In 2020, Automation Anywhere commissioned a global study of more than 10,000 office workers, revealing the world’s most hated administrative task – manual data entry. Manual data entry is a legacy workflow that many businesses continue to rely on despite its many flaws. 80% of the time, a document arrives at a business as part of a core process; it is in an unstructured format such as an image or PDF document. 

These formats, while being useful methods of sharing documents back and forth between professionals, are not useful to computer systems. Manual data entry is the process of literally typing the unstructured data in these files into computer systems and applications where it can then be processed. This soul-crushing task unnecessarily complicates a variety of business processes across industries. Whether it’s processing invoices for the AP team, or handling packaging lists, nobody likes having to manually type data into a computer. This is exactly the kind of mindless task that can leave your employees demotivated and potentially looking for another position. 

However, this data is essential to the success of your business. In order to pay your invoices and keep your vendors in a good relationship with you, your accounting or ERP system needs the data in those invoices. Failing to capture the data is not an option, so many organizations just press on, continuing to hire more and more data analysis and data entry professionals as the volume of data collected grows. 

Fortunately, it doesn’t have to be like this. 

AI image processing can be used to automatically extract the data from images and PDFs of business documents and export it to its desired destination. The technology is called cognitive OCR (optical character recognition) and scans the image for characters that it can associate with fields and turn into structured data. There are several image processing techniques. Some use AI, and others do not. For example, template-based OCR relies on pre-defined rules and templates instead of machine learning algorithms. By looking at image processing AI examples, you’ll see how cognitive OCR technology can rescue your document-based processes from the pitfalls of manual data entry and set you and your teams on a path to success. 

How does AI image recognition work?

What we’ve mentioned about the benefits of AI-enabled OCR may sound good, but you’re probably wondering: “how does AI image recognition work?” At a high level, AI image data capture relies on neural networks and machine learning algorithms to recognize document types and extract the data within them. You may have heard of “training” AI systems to be able to learn to do tasks. This training is essential to the success of any AI system. In the case of image processing tasks, machine learning systems are simply fed thousands of different images of documents, each of which is labeled. Then, by extracting all kinds of data points from each image, the system begins to build categories so that it can even identify a document format it has never seen before as “invoice” or something else. The key to this learning capability is neural networks. Neural networks are a technological innovation that allows computers to “think” and “learn” much in the same manner as humans do. In a neural network, the nodes are deployed in a similar manner to the neurons in our brains. Building an intelligent document processing (IDP) system with AI-enabled OCR at its core is a difficult task and different organizations have taken different approaches as they work towards the ultimate goal of eliminating the drudgery of manual data entry. 

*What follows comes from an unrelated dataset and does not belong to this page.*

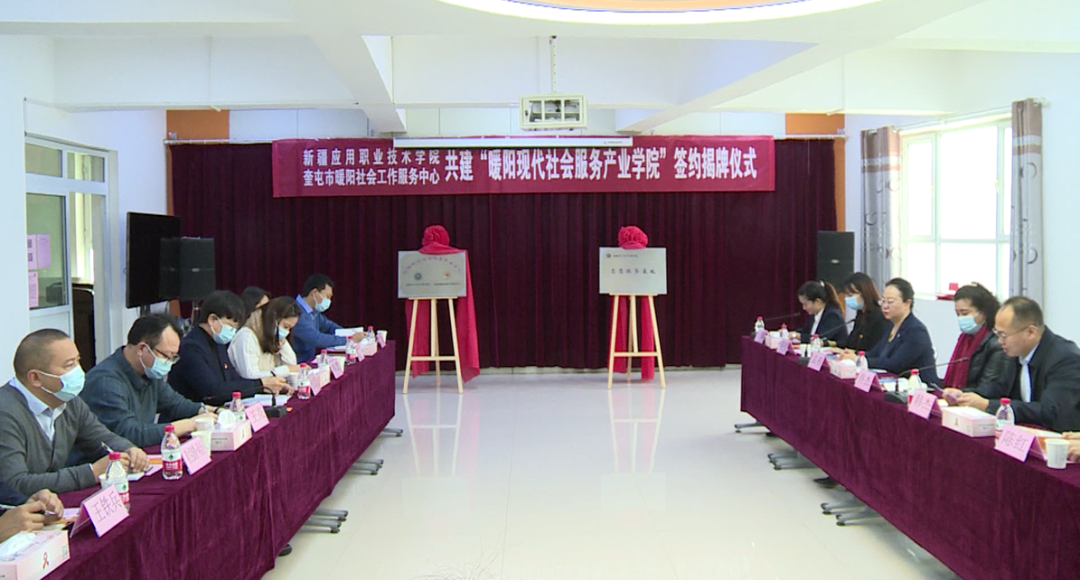 为进一步促进奎屯市社会服务业发展,为人民群众提供更加专业细致的服务,日前,新疆应用职业技术学院与奎屯市暖阳社会工作服务中心共建的“暖阳现代社会服务产业学院”挂牌成立。

Rossum is an IDP platform that uses neural networks to perform AI image recognition that can automate all kinds of business tasks, such as processing invoices. Our platform works by mimicking the way humans read documents. Studies have shown that humans tend to skim through a document to just get the basic textual context before moving into a more precise reading and actually identifying the data. This is how we’ve designed the Rossum engine

During its first pass, it simply identifies the regions of importance on the document and maps them in space. It then uses this spatial information to compare with document formats to help it understand what document it’s looking for. All of the phases of the Rossum system are designed to give it as much context as possible before actually extracting the data. This context is what enables the data capture engine to be so accurate. Does it work? Yes. The Rossum platform provides between 80% and 90% accuracy for a new user and regularly reaches 95% accuracy within the first month of routine usage. 

Machine learning in image processing

The reason so many companies have continued to rely on manual data entry is that few machines have the capacity to efficiently extract data from images and learn image formats as well as the human brain. The best machine learning philosophies acknowledge the superiority of the brain and try to mimic its functions with more scalable technologies. 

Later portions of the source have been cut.